Vous gouvernez certes en coalition, mais souvenez-vous, le peuple vous a élu et vous-seul. C’est à vous qu’il demandera des comptes (si ce n’est pas encore en train d’être déjà fait) et à personne d’autre. Dans 40 mois, vous aurez un bilan à défendre, ce ne sera pas celui de la coalition FCC-CACH mais bien le vôtre, le n°20 de 2018, lequel a promis un budget de «vaincre la pauvreté». Combien de personnes seront prêts à voter pour vous sans que vous ayez à battre campagne? C’est la question que devrait se poser chaque personne qui ambitionne de se représenter à un scrutin, vous êtes dans ce cas je suppose. Contrairement à vos adversaires de 2023 (s’il y aura élection), vous jouez à la fois pour vous et pour eux. Votre réussite consacrera leur défaite en 2023 et votre échec leur donnera des arguments, à vous de voir.
Cher Monsieur le Président,
Je n’aborderai pas ici l’ombre de la crise institutionnelle entre les pouvoirs judiciaire, législatif et judiciaire, pris deux à deux. Vous êtes sans ignorer que nous avons récemment frôler le clash entre le judiciaire et le législatif, l’acte 2 pourrait être actionné par les Lois «justicides» en gestation. Que dire des guerres au sein même du gouvernement?

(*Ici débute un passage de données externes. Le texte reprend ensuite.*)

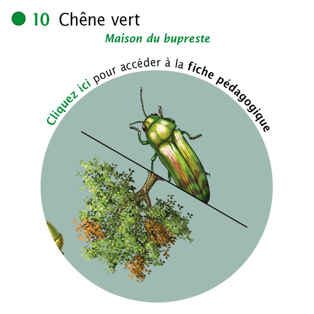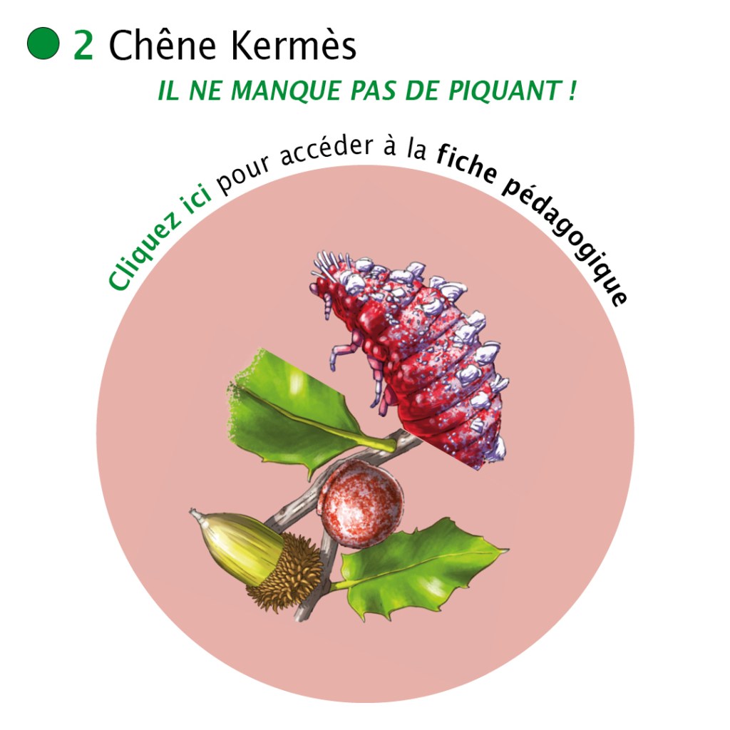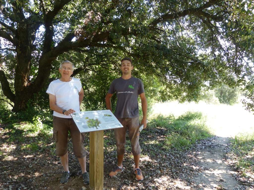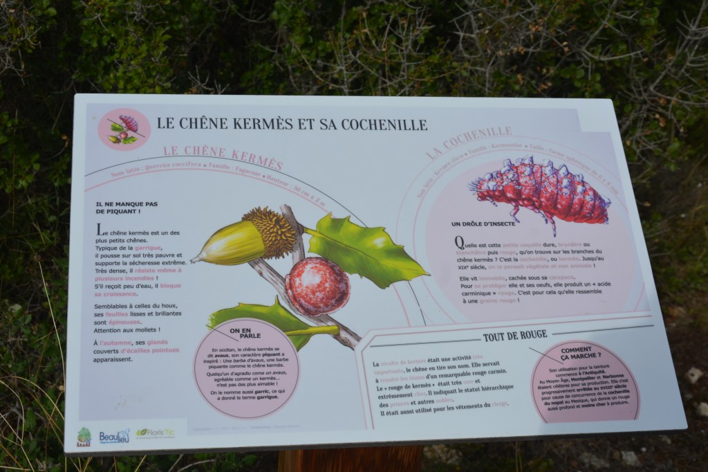 Avec les 50 mm de pluie tombée la nuit précédente, la nature avait repris du tonus comme les deux buissons de chêne Kermès correspondant au premier panneau portant sur la relation plante/insecte. Déjà grâce aux 20 mm de la dernière pluie, la sarriette avait refleuri.

Et votre communication dans tout ça? Elle ne vous aide nullement cher Monsieur le Président. J’espère que le réaménagement prochain de ce département de votre cabinet permettra d’entrevoir des lendemains meilleurs.
Voilà grosso modo, mes préoccupations vous adressées, le premier d’entre nous, alors que le pays s’apprête à célébrer le 60ème anniversaire de son accession à la souveraineté nationale et internationale, votre deuxième en tant que Chef de l’Etat, dans un contexte à la fois de crise sanitaire, économique, institutionnelle, politique et de récession. Je ne dirai pas de crise de leadership parce que je crois en vous.
Bonne méditation.
Bien à vous, avec mes hommages les plus déférents!